Arranging Release of Encumbrances

The Seller must take all necessary steps to ensure that at settlement they can transfer the subject property to the Buyer free of all encumbrances.

 An encumbrance on the title of a property refers to a registered interest of a party other than the registered owner on the title of a property.  One of the main effects of an encumbrance on the title of a property is that the registered owner cannot transfer ownership to another person unless the encumbrance is formally released by registration of the relevant documents with the Titles Office.

The most common type of encumbrance on the title of a property is a registered mortgage.  If at the settlement date there is a registered mortgage on the title of the property being sold then the Seller must ensure that at settlement the Buyer receives the release of mortgage document.

The usual process for obtaining a release of mortgage document is that:

  • the Seller must make a written request to the financier holding the mortgage for the mortgage to be released;
  • The financier advises of the conditions that need to be satisfied before it will provide a release of mortgage document.  Most commonly the condition will be that some or all of the loan owed to the financier is repaid.;
  • If the Seller does not agree with the conditions of release provided by the financier then it is up to the Seller to sort this out with the financier;
  • The Seller must ensure that at settlement the financier receives any funds and documents it requires to provide the release of mortgage.
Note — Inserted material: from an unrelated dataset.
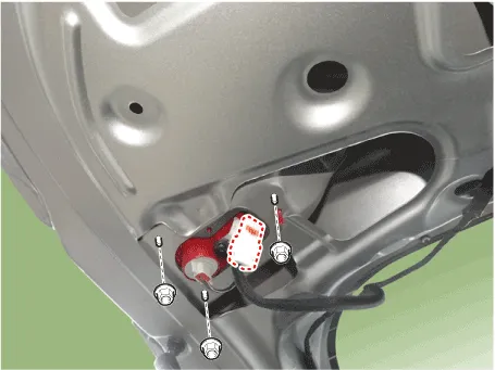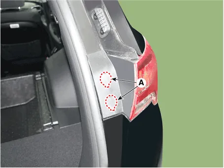 Removal 1. Disconnect the negative (-) battery terminal. 2. Remove the luggage room lamp lens (A) with a flat-tip screwdriver.

 Production and Execution of Transfer Documents 

The Seller must sign transfer documents to transfer his or her interest in the property to the Buyer.  Usually the Buyer’s solicitors draft transfer documents for the Seller to sign and return before the settlement date.  The Buyer’s solicitors are responsible for ensuring that the transfer documents are signed on behalf of the Buyer and that the correct stamp duty notation is imprinted on to the transfer documents.

Settlement Figures

The Buyer and Seller must agree on the balance purchase price to be paid by the Buyer at settlement.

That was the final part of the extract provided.